— WHAT THE TASK REQUIRES —
Beginning with the line containing "ISEIS所长林珲教授、副所" and going on through the line containing "Apzeltīts rotu komplekts", the lines below are to be returned exactly, pictures excluded and nothing added.

— SUPPLIED MATERIAL —

+-------+

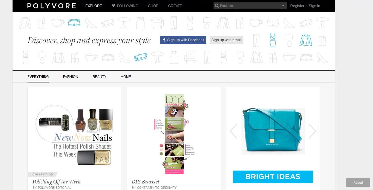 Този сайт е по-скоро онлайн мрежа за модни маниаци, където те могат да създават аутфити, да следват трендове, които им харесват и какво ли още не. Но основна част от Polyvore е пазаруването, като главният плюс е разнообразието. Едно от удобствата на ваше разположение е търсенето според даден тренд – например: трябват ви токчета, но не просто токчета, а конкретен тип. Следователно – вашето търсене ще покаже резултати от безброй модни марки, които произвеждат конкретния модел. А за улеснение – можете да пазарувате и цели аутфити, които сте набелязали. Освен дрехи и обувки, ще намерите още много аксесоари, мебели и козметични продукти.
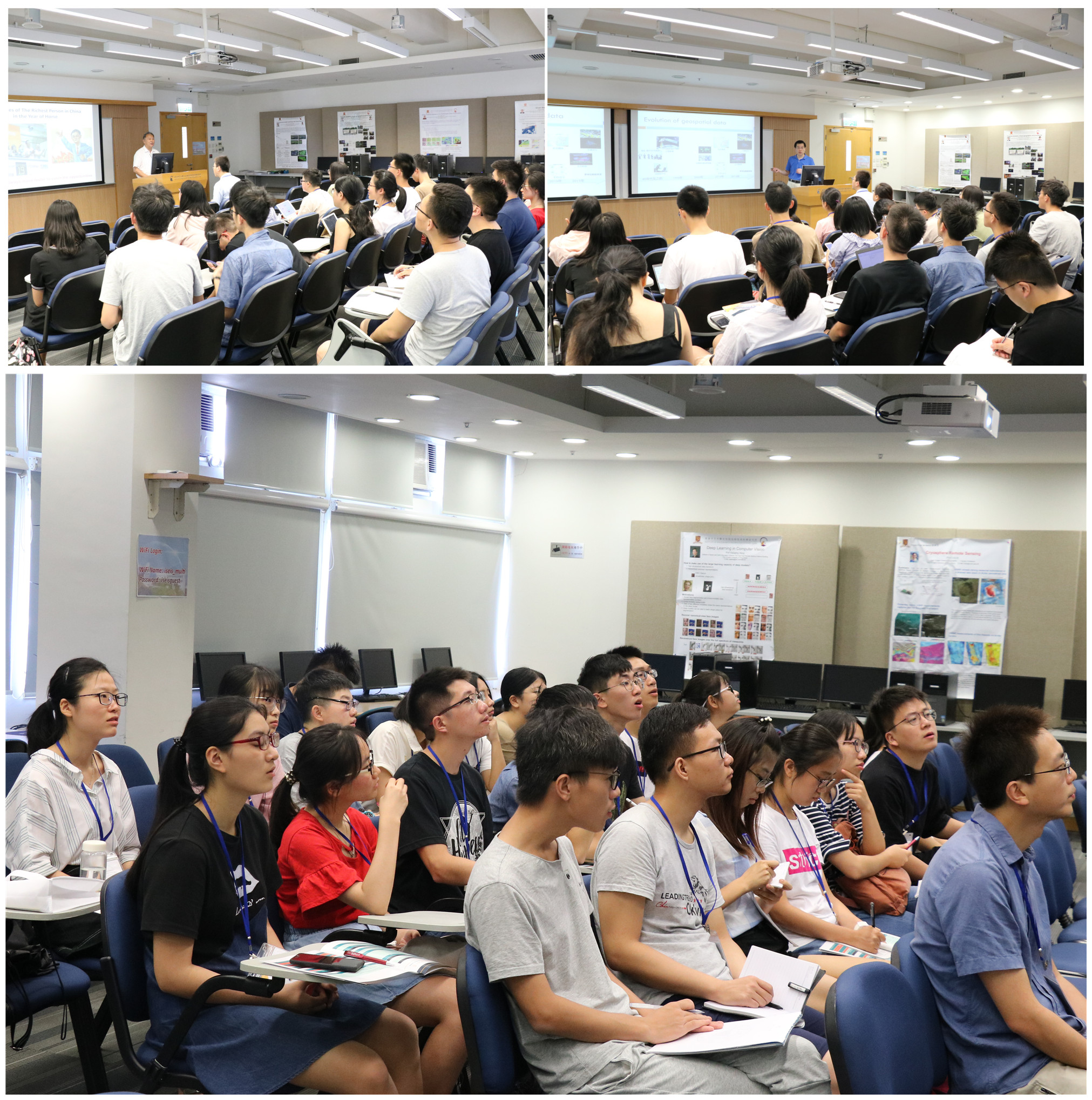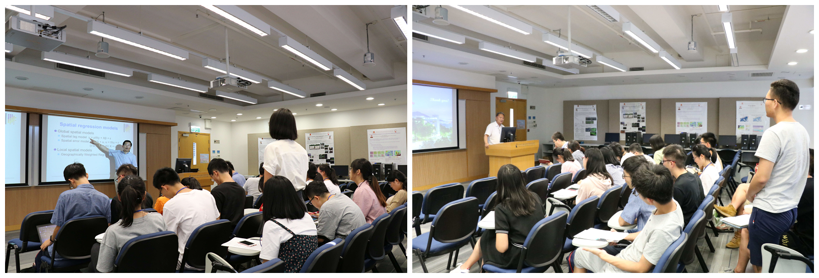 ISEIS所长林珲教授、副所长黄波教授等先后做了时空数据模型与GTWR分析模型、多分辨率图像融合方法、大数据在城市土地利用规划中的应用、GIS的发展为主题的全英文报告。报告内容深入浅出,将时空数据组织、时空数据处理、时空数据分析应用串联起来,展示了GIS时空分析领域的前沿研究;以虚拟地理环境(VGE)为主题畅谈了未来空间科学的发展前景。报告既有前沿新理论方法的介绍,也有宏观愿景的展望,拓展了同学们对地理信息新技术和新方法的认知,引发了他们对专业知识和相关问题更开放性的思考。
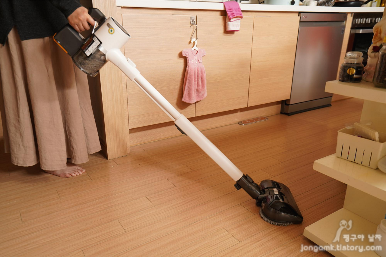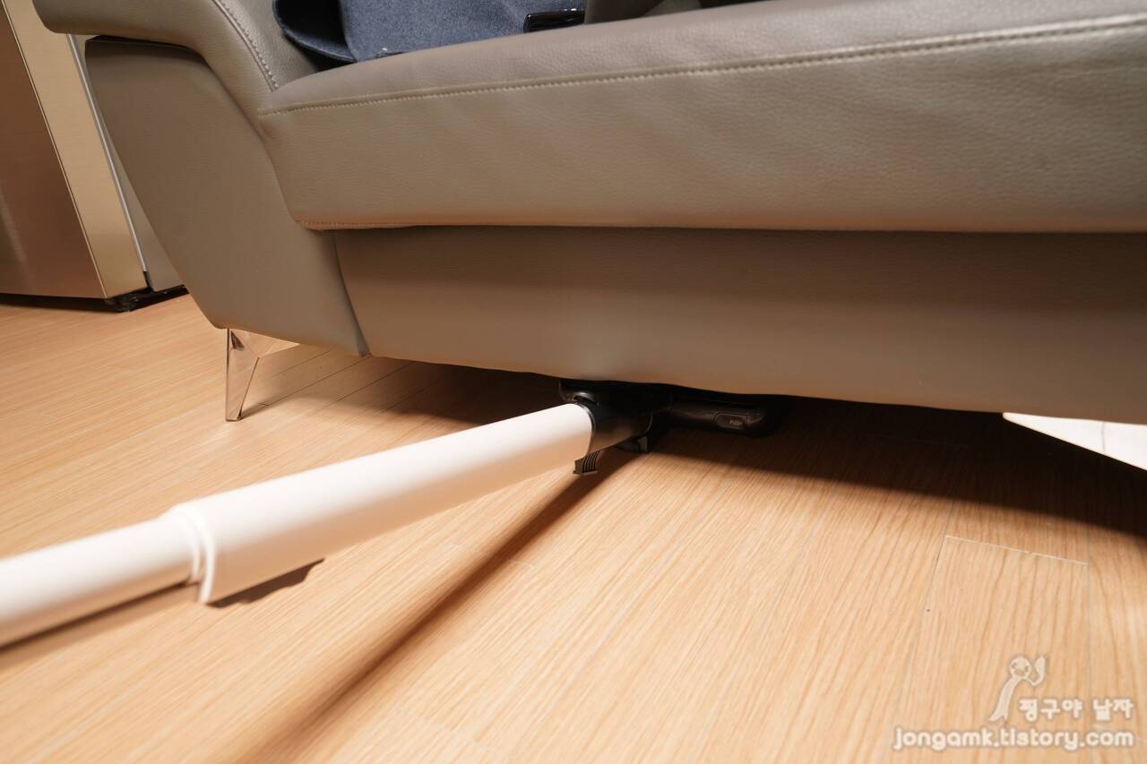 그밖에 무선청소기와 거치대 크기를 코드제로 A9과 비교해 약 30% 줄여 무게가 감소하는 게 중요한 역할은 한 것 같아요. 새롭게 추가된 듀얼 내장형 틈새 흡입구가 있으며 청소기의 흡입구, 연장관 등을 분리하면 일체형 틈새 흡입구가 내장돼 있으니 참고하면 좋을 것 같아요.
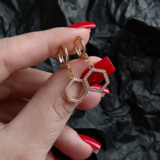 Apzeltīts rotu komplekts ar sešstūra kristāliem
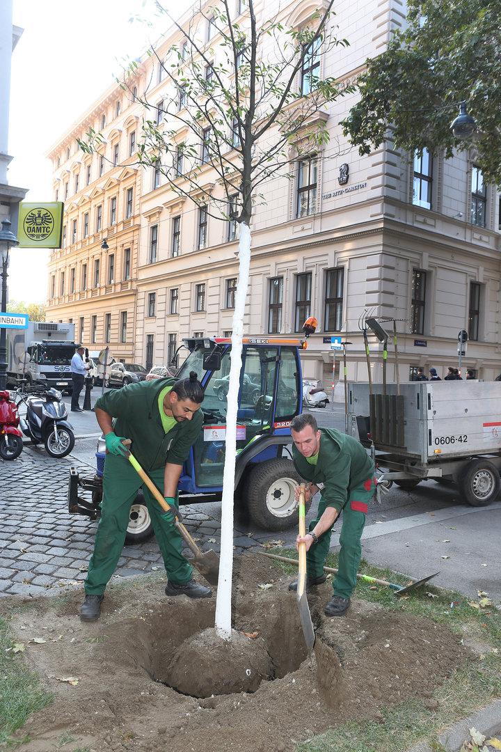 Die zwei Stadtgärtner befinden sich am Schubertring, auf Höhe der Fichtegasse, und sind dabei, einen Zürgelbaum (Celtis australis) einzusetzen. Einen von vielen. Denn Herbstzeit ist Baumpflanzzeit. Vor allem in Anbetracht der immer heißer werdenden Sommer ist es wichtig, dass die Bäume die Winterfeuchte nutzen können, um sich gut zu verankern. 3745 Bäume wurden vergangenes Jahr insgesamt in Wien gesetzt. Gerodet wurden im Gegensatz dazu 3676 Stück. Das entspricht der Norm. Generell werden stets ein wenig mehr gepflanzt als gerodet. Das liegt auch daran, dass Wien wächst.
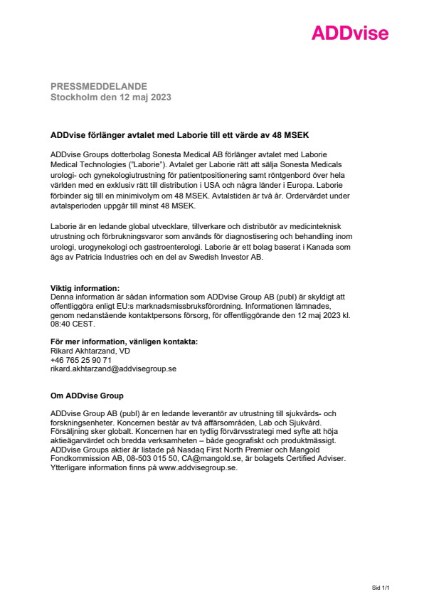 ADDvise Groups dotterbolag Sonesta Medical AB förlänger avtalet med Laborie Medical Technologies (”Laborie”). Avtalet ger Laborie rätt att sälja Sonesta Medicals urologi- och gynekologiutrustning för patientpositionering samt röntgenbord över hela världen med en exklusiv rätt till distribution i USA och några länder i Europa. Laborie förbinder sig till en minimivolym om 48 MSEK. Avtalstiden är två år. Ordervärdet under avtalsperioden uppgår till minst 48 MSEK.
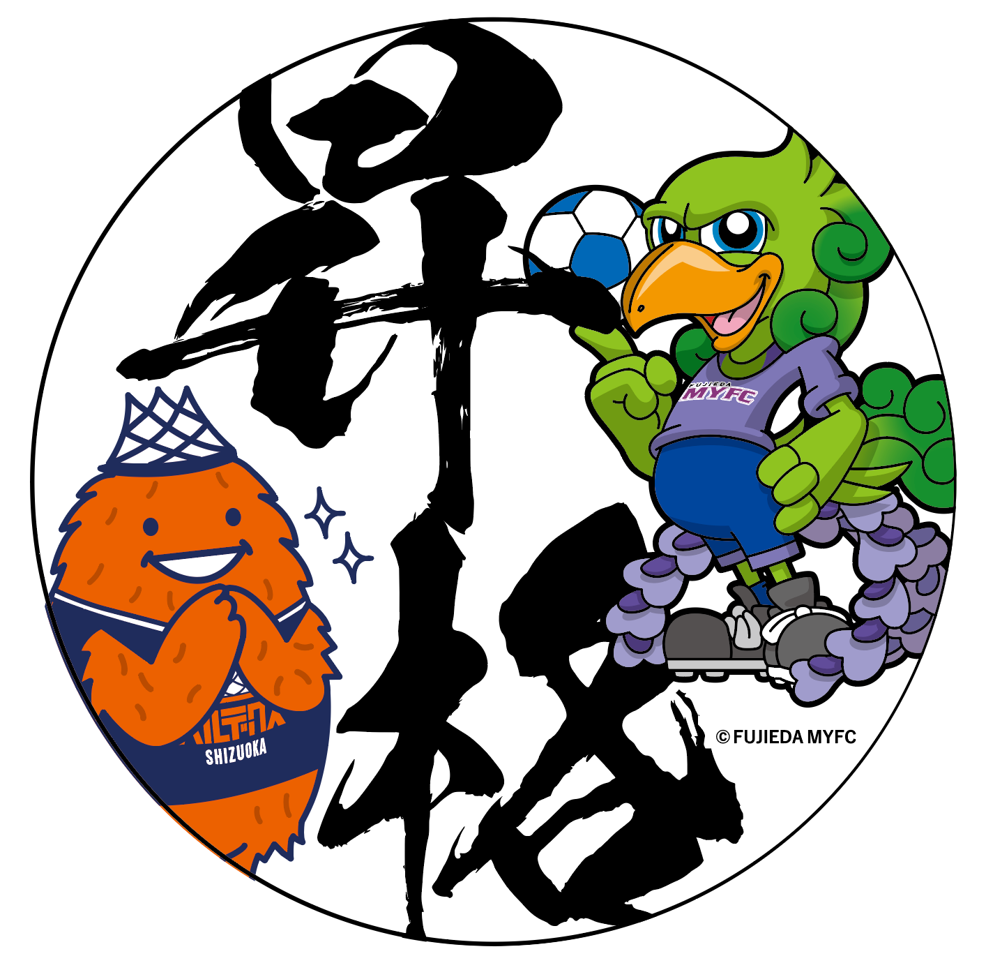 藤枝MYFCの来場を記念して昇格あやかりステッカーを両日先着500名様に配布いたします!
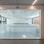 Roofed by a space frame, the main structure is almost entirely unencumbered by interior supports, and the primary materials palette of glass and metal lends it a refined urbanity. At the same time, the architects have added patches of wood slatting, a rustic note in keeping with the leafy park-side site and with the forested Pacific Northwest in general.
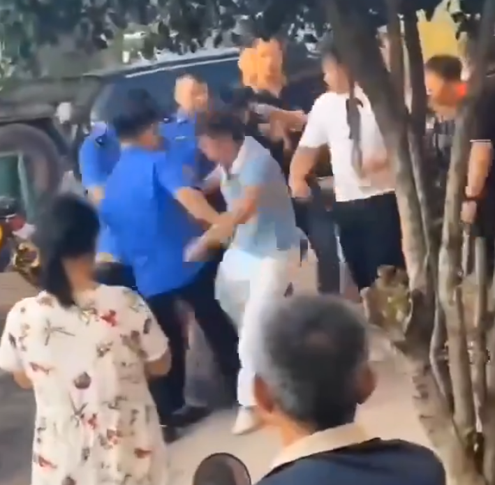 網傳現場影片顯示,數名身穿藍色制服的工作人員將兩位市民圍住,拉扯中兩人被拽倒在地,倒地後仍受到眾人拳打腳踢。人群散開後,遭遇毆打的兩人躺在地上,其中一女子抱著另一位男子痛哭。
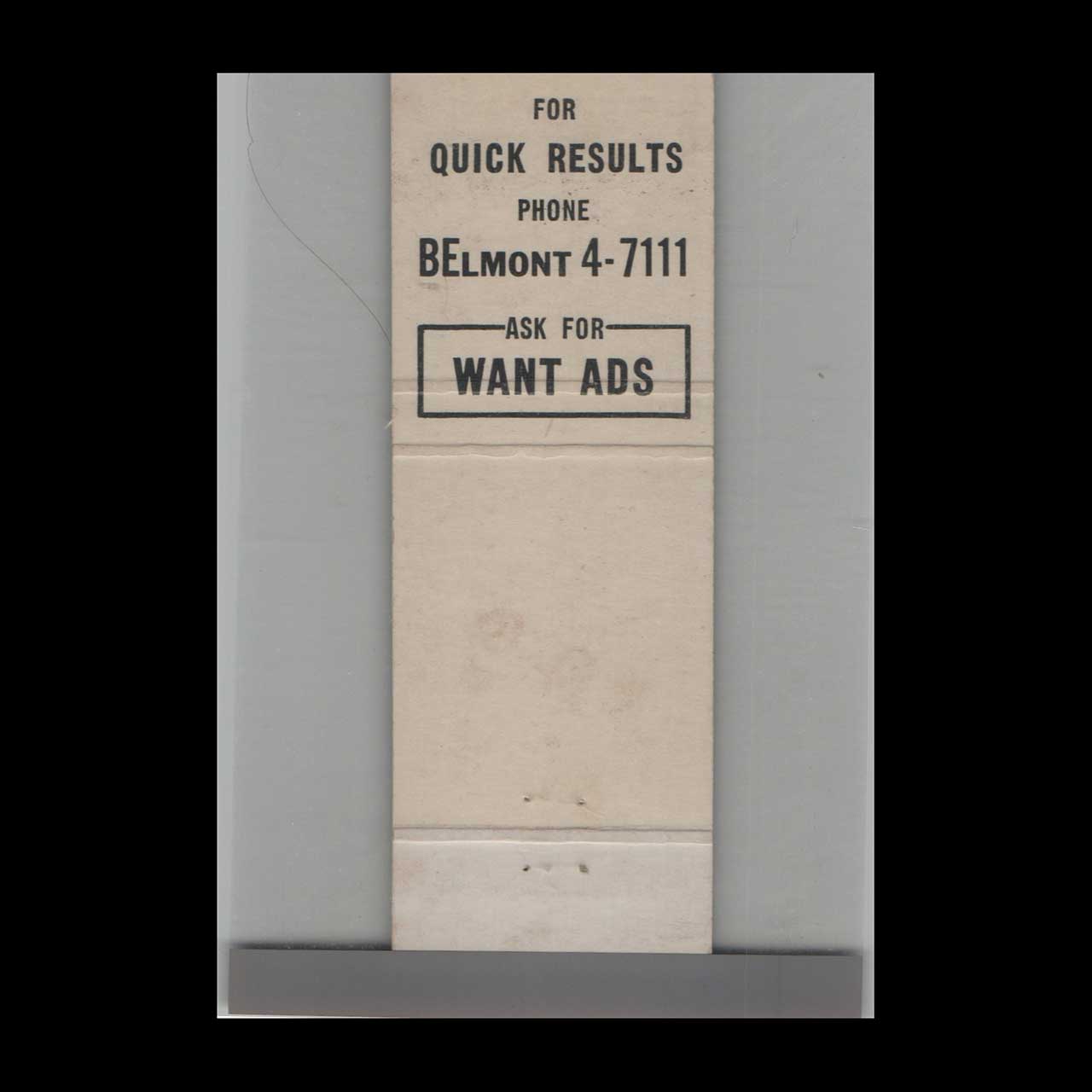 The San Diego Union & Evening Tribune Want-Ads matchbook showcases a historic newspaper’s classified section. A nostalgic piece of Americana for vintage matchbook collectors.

+-------+

— RESULT FOR THIS TASK —
 ISEIS所长林珲教授、副所长黄波教授等先后做了时空数据模型与GTWR分析模型、多分辨率图像融合方法、大数据在城市土地利用规划中的应用、GIS的发展为主题的全英文报告。报告内容深入浅出,将时空数据组织、时空数据处理、时空数据分析应用串联起来,展示了GIS时空分析领域的前沿研究;以虚拟地理环境(VGE)为主题畅谈了未来空间科学的发展前景。报告既有前沿新理论方法的介绍,也有宏观愿景的展望,拓展了同学们对地理信息新技术和新方法的认知,引发了他们对专业知识和相关问题更开放性的思考。
 그밖에 무선청소기와 거치대 크기를 코드제로 A9과 비교해 약 30% 줄여 무게가 감소하는 게 중요한 역할은 한 것 같아요. 새롭게 추가된 듀얼 내장형 틈새 흡입구가 있으며 청소기의 흡입구, 연장관 등을 분리하면 일체형 틈새 흡입구가 내장돼 있으니 참고하면 좋을 것 같아요.
 Apzeltīts rotu komplekts ar sešstūra kristāliem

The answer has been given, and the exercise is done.